TASK REQUIREMENTS: In the entries below, find the line containing "Wer sagt, dass" and the line containing "Стремянка алюминиевая ВИХРЬ". Copy those two lines and everything between them exactly, without the pictures.

^^^^^^^^^^^^^^^^

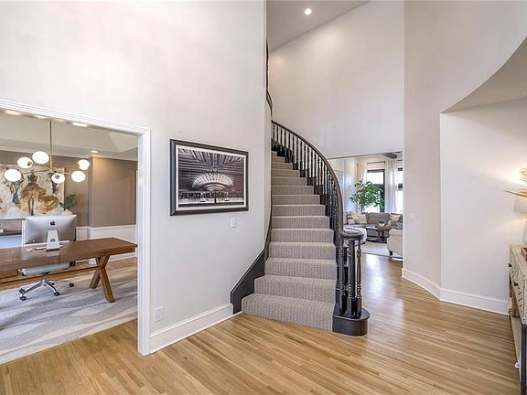NOT YOUR COOKIE CUTTER HOME! Nestled in a cul-de-sac, this stunning 6-bedroom, 3.2-bathroom home offers exceptional space and style. Walk into a grand entry with a curved staircase, a private office to the left and a bonus living space to the right—perfect for keeping the kids nearby yet tucked out of the way. The two-story family room boasts floor-to-ceiling windows and a striking stone fireplace. The chef’s kitchen is a dream, with a spacious island for seating and a charming turret dining area. Be sure to watch video in listing
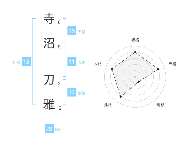 寺沼 刀雅さんの総格は29画の4点!
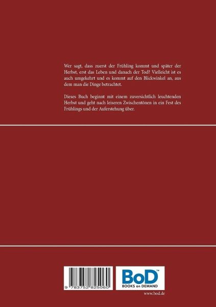 Wer sagt, dass zuerst der Frühling kommt und später der Herbst, erst das Leben und danach der Tod? Vielleicht ist es auch umgekehrt und es kommt auf den Blickwinkel an, aus dem man die Dinge betrachtet.Dieses Buch beginnt mit einem zuversichtlich leuchtenden Herbst und geht nach leiseren Zwischentönen in ein Fest des Frühlings und der Auferstehung über.
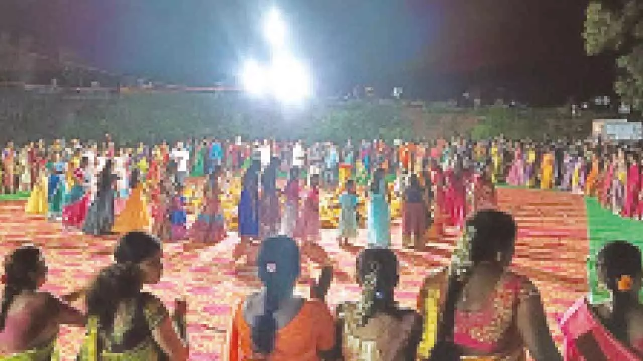 Nakrekal MLA Vemula Veeresham along with the Pushpa couple led the celebrations, adding charm to the event. Women adorned in colourful saris carried Bathukammas, singing folk songs and engaging in traditional dance forms like kolatam around the floral arrangements. Women sang uyyala songs while offering prayers to Gauramma, turning the venue into a vibrant sea of colours and devotion.
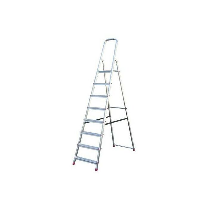 Стремянка алюминиевая ВИХРЬ СА 1х8 широко применяется в быту. Корпус изготовлен из алюминия, что облегчает транспортировку. Односекционная модель с широкими ступенями с рифленой поверхностью и рабочей площадкой. Чтобы стремянка не скользила, на опорах оборудованы заглушки. Также есть дуга безопасности. В сложенном состоянии модель очень компактна и занимает мало места.
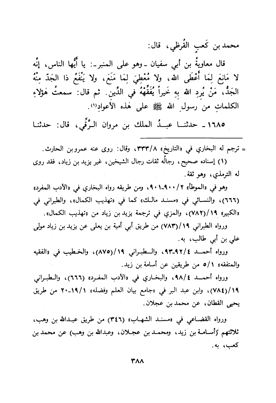 1685 - حَدَّثَنَا عَبْدُ الْمَلِكِ بْنُ مَرْوَانَ الرَّقِّيُّ , قَالَ: حَدَّثَنَا -[389]- شُجَاعُ بْنُ الْوَلِيدِ , عَنْ عُثْمَانَ بْنِ حَكِيمٍ الْأَنْصَارِيِّ , عَنْ مُحَمَّدِ بْنِ كَعْبٍ الْقُرَظِيِّ , قَالَ: قَالَ مُعَاوِيَةُ فِي حَجَّتِهِ: " سَمِعْتُ رَسُولَ اللهِ صَلَّى اللَّهُ عَلَيْهِ وَسَلَّمَ يَقُولُ عَلَى هَذِهِ الْأَعْوَادِ: اللهُمَّ لَا مَانِعَ لِمَا أَعْطَيْتُ، وَلَا مُعْطِيَ لِمَا مَنَعْتُ، مَنْ يُرِدِ اللهُ بِهِ الْخَيْرَ يُفَقِّهْهُ فِي الدِّينِ "
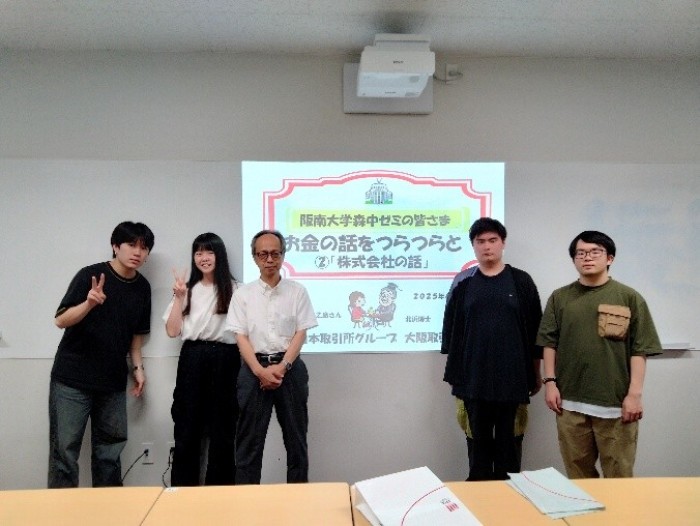 流通学部4年生森中ゼミでは、大阪取引所のご担当者様をお招きし、社会人の経済活動について4回に渡って講義を行っていただきました。
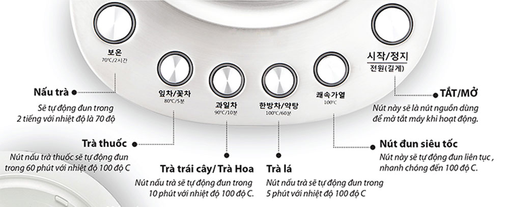 Ấm pha trà HUROM TM-B01 có nhiều chế độ hoạt động khác nhau để người dùng có thể pha trà, nấu thuốc, làm sữa chua, nấu cháo với thời gian cụ thể như sau:

^^^^^^^^^^^^^^^^

EXERCISE ANSWER:
 Wer sagt, dass zuerst der Frühling kommt und später der Herbst, erst das Leben und danach der Tod? Vielleicht ist es auch umgekehrt und es kommt auf den Blickwinkel an, aus dem man die Dinge betrachtet.Dieses Buch beginnt mit einem zuversichtlich leuchtenden Herbst und geht nach leiseren Zwischentönen in ein Fest des Frühlings und der Auferstehung über.
 Nakrekal MLA Vemula Veeresham along with the Pushpa couple led the celebrations, adding charm to the event. Women adorned in colourful saris carried Bathukammas, singing folk songs and engaging in traditional dance forms like kolatam around the floral arrangements. Women sang uyyala songs while offering prayers to Gauramma, turning the venue into a vibrant sea of colours and devotion.
 Стремянка алюминиевая ВИХРЬ СА 1х8 широко применяется в быту. Корпус изготовлен из алюминия, что облегчает транспортировку. Односекционная модель с широкими ступенями с рифленой поверхностью и рабочей площадкой. Чтобы стремянка не скользила, на опорах оборудованы заглушки. Также есть дуга безопасности. В сложенном состоянии модель очень компактна и занимает мало места.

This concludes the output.